In the current zeitgeist, Seefeel’s mesmerising blend of motorik rhythm, languid tonality and outer limits atmosphere feels totally natural, but certainly not diminished in its imperious presence. That’s at odds with the otherness they projected at the outset, particularly when they arrived on Warp for their second album, Succour. Aligning with declared fans such as Aphex Twin and Autechre did little to anchor a band who were clearly out on their own amidst the burgeoning electronica scene, but the time is ripe for a reappraisal.

Rupt & Flex: 1994-96 Anthology gathers together a golden run of albums and EPs for Warp and Rephlex, taking in a monolithic four hours of intensity which disperses like a generous burst of squid ink, staining everything in the immediate vicinity. It’s not that the Seefeel sound is oppressively dark either, but theirs is a rich lacquer which certainly seems comfortable dodging the sunlight in pursuit of gloomier realms.

Succour certainly makes sense in the context of early 90s Aphex, not least in the uniquely noise-caked drum mantras found on the likes of ‘Fracture’ and ‘Cut’, which sound like they could have spawned from a crossover of I Care Because You Do and SAWII. That said, the latter’s dubby bass and Peacock’s hopeful vocal tones add a different emotional slant to the music. ‘Vex’ has a uniquely uplifting quality too, sounding a little incongruous with its steady 4/4 pulse carrying the cloying sheets of guitar drone and rhythmically mapped-out noise. What Clifford et al achieved so effectively on Succour was a complexity of emotion, teasing at light and shadows without making any pat allegiances to one or the other.

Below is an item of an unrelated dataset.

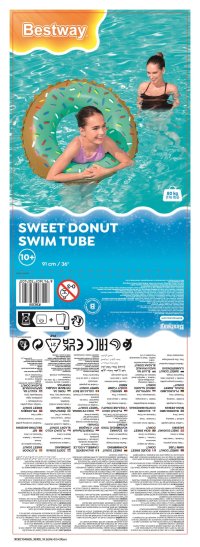 Nafukovací kruh s priemerom 91 cm je vyrobený z pevného a odolného vinylového materiálu. Kruh je k dispozícii vo veselom dizajne donutu. Maximálna nosnosť je 80 kg.

The Succour bonus disc feels distinctly different in comparison – pointedly untethered, even. Looped up fragments step in for the drums of the original album, taking on a concréte quality in places and jettisoning the footholds of the earlier band on a path towards experimental abandon. It sets the scene for 1996’s (Ch-Vox) perfectly, shedding some of Succour’s handles but not quite plunging wholly into the profound desolation of their sole release on Rephlex. In its original guise, (Ch-Vox) is a small and perfectly formed six-track dronescape which revels in minimalism, but now, fans rejoice, for the album is near double in length with the inclusion of many studio off-cuts which more than ably extend the borders of the original album’s footprint without sounding out of place.

The final disc gathers up key EPs and a few additional slabs of flotsam and jetsam. Starethrough Ep should be especially considered given its importance as the first indication of Seefeel’s turn to the darkside on Warp. There’s a satisfying dubby insistence to the title track and the gorgeous Spangle, while ‘Lux1’ seems to prefigure what would come on (Ch-Vox) – in just four tracks they cover enough ground to make up an album. It’s also worth celebrating Autechre’s seminal remix of ‘Spangle’, which ranks amongst the most elegiac and tender works Sean Booth and Rob Brown have ever done.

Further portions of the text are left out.